Ya no recuerdo con claridad la última vez que hablé con Aleksandr. La conexión de la invasión rusa a Ucrania con él no fue instantánea. Me tomó tiempo. Esto, hasta que recordé con nitidez la escena con Antoine Olivier Pilon, huyendo de su cautiverio en el sanatorio, con el sonido pastoso que nos advertía que “nacimos para morir”. Hoy, sabiendo lo que está ocurriendo en este preciso instante en Ucrania, el país de mi amigo, la realidad ha logrado superar a la ficción, transformándose en una especie de hiperrealismo surrealista para quienes nos encontramos de este lado del planeta.

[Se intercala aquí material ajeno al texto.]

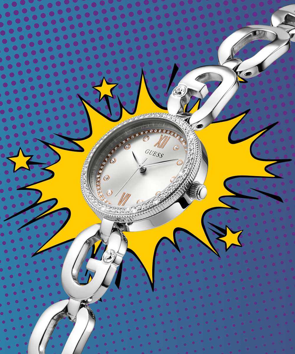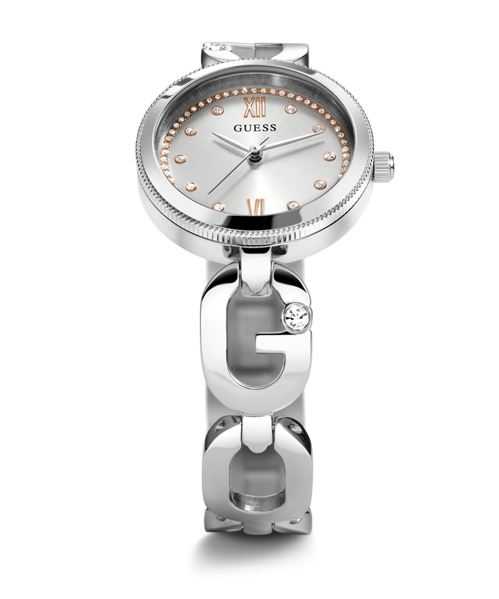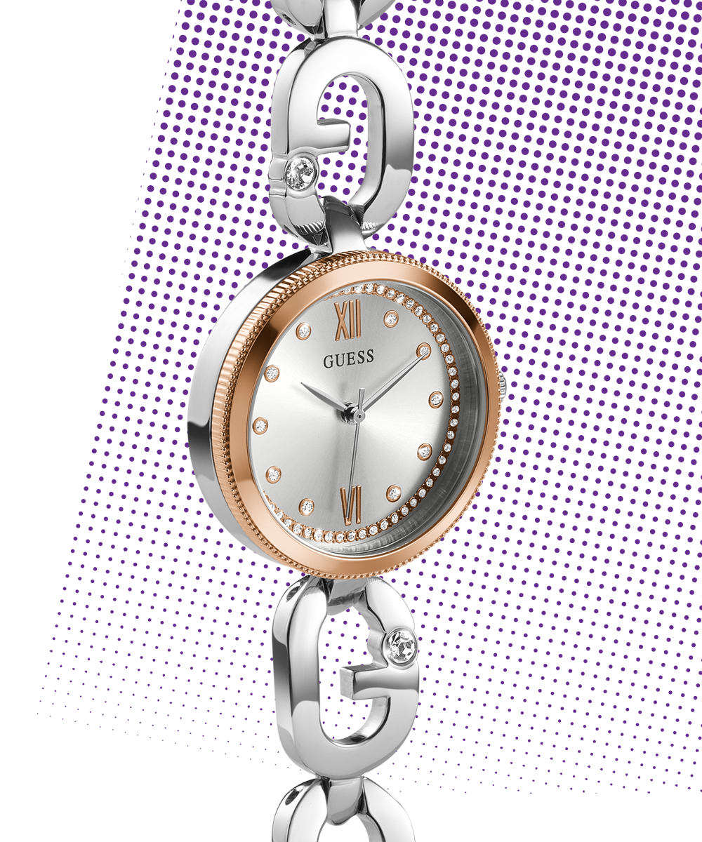 A watch wardrobe that lets you show your love of GUESS in a subtle way with a sculpted 'G' chain connection and a touch of glitz. This special piece features 3 interchangeable bezel options - a clean silver bezel, a crystal silver bezel, and a clean rose gold dial that...

El recuerdo de Aleksandr surge de modo casi onírico. Si en la época que nos conocimos a él lo obsesionaba Lana del Rey, a mí Pink Floyd. De cara a la contingencia, una canción viene de inmediato a mi cabeza, que pese a no estar incorporada en el disco The Wall, y sólo formar parte de la banda sonora del filme, es una de las grandes composiciones de la banda. Se trata de When the Tigers Broke Free, escrita por Roger Waters relatando la muerte de su padre en la Batalla de Anzio durante la Segunda Guerra Mundial, “una miserable mañana de 1944”. Allí, haciendo frente a las embestidas de la Wehrmacht, y pese a las advertencias del comandante de los Royal Fusiliers, los generales a cargo de la operación obligaron a un grupo de soldados británicos a luchar contra los tanques alemanes, para acabar siendo acribillados en su totalidad por estos últimos. Entre ellos, sobre el suelo escarchado, yacía el cuerpo inerte de Eric Waters, a quien su hijo dedica la última frase de su canción: “Y así fue como el alto mando me quitó a mi papá”. Es la historia que se repite para muchas y muchos niños en el este de Europa desde el 24 de febrero recién pasado.
En medio de la bestialidad de estos ataques, que excede mi comprensión y deja de manifiesto una ambición humana repulsiva que las palabras no toleran, me sigo preguntando: Aleksandr, ¿seguirá con vida?